[Items from a data source]
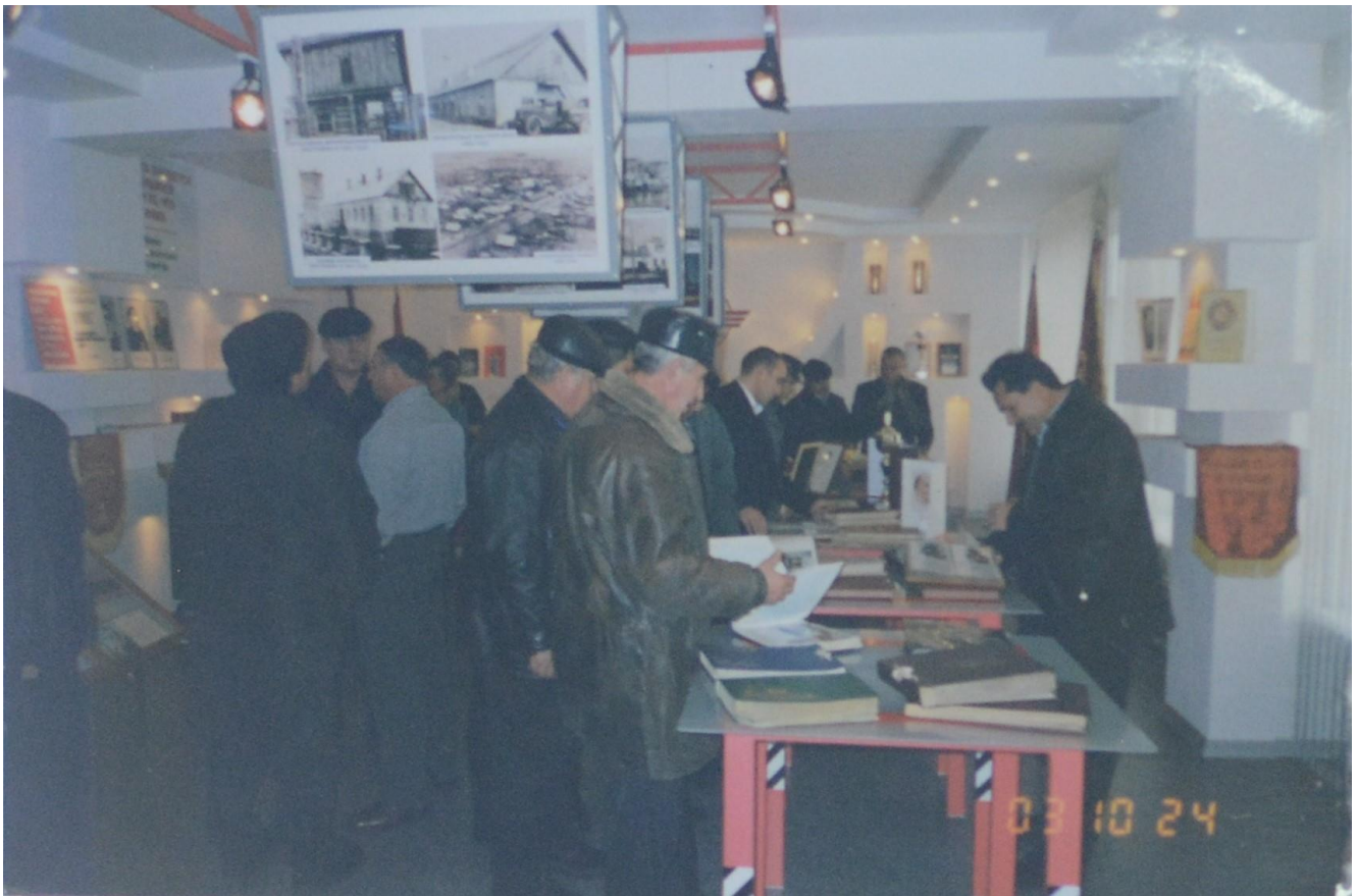
24.10.2003 г. Музей ПАК – открыл свои двери первым посетителям – работникам предприятия.
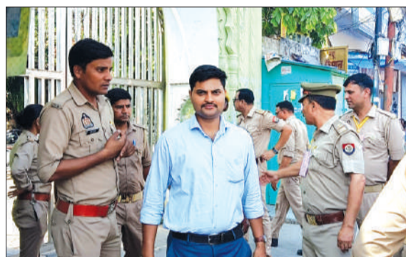
कड़ी सुरक्षा व्यवस्था के बीच पहले दिन परीक्षा केंद्रों पर मौजूद पुलिस बल।

बरेली। उत्तर प्रदेश होमगार्ड्स के पदों पर भर्ती के लिए लिखित परीक्षा शनिवार से जिले के 19 केंद्रों पर शुरू हो गई। कड़ी सुरक्षा व्यवस्था के बीच पहले दिन परीक्षा शांतिपूर्ण ढंग से संपन्न कराई गई। तीन दिन तक चलने वाली इस परीक्षा में कुल 52,416 अभ्यर्थी शामिल होंगे। होमगार्ड एनरोलमेंट-2025 की महार परीक्षा 25 से 27 अप्रैल तक दो-दो पालियों में आयोजित की जा रही है। पहली पाली सुबह 10 बजे से दोपहर 12 बजे तक, जबकि दूसरी पाली दोपहर 3 बजे से शाम 6 बजे तक होगी। हर पाली में 8,736 अभ्यर्थी पंजीकृत हैं, जिससे सभी केंद्रों पर भारी भीड़ रही। परीक्षा को निष्पक्ष और पारदर्शी बनाने के लिए
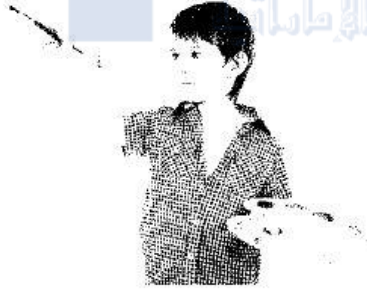
يرسم لوحة جميلة

2. اَكْتُبْ جُمْلَةً تُعَبِّرُ فِيهَا عَمَّا يَفْعَلُهُ الطَّالِبُ:
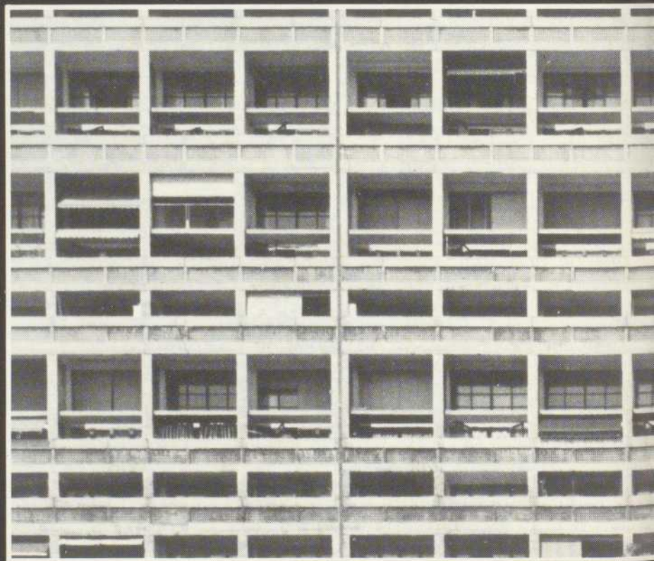
1947-52 Marseille - Boulevard Michelet Le Corbusier - Unité d'Habitation

Marie Antoinette, Königin von Frank- reich, erschien im Jahre 1785 einmal à la jardinière frisiert: mit einer Artischocke, einem Kohlkopf, einer Karotte und einem Bund Radieschen
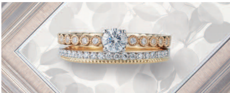
▲【ロゼット】「しずく」"光の粒を集めたようなふたりの大切な想い出"をイメージしたクラシカルなデザイン
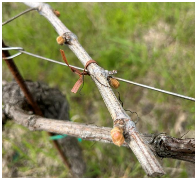
Rigonfiamento gemme BBCH 01

La fase fenologica della vite è compresa fra rigonfiamento gemme e foglie distese (solo per le varietà più precoci come la Lacrima) BBCH 01-13 . Al momento non si consiglia alcun intervento.
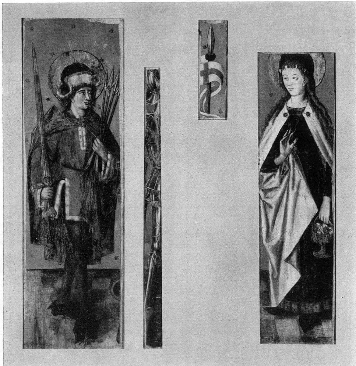
Abb. 2. Chur. Die Fragmente von der Werktagsseite nach der Freilegung
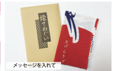
メッセージを入れて
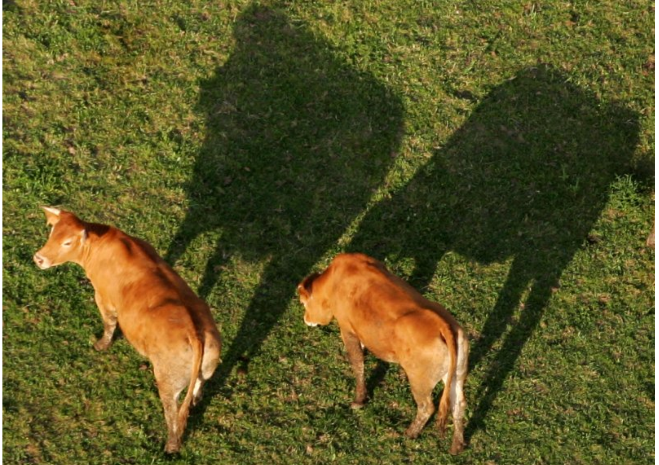
Meljac vu du ciel - à travers champs à la Bessière - juin 2010

### WHAT THIS TASK INVOLVES
Whenever a line above holds the word "gemme", include it in your count, and report nothing but that count.

### SOLUTION TO THIS PROBLEM
2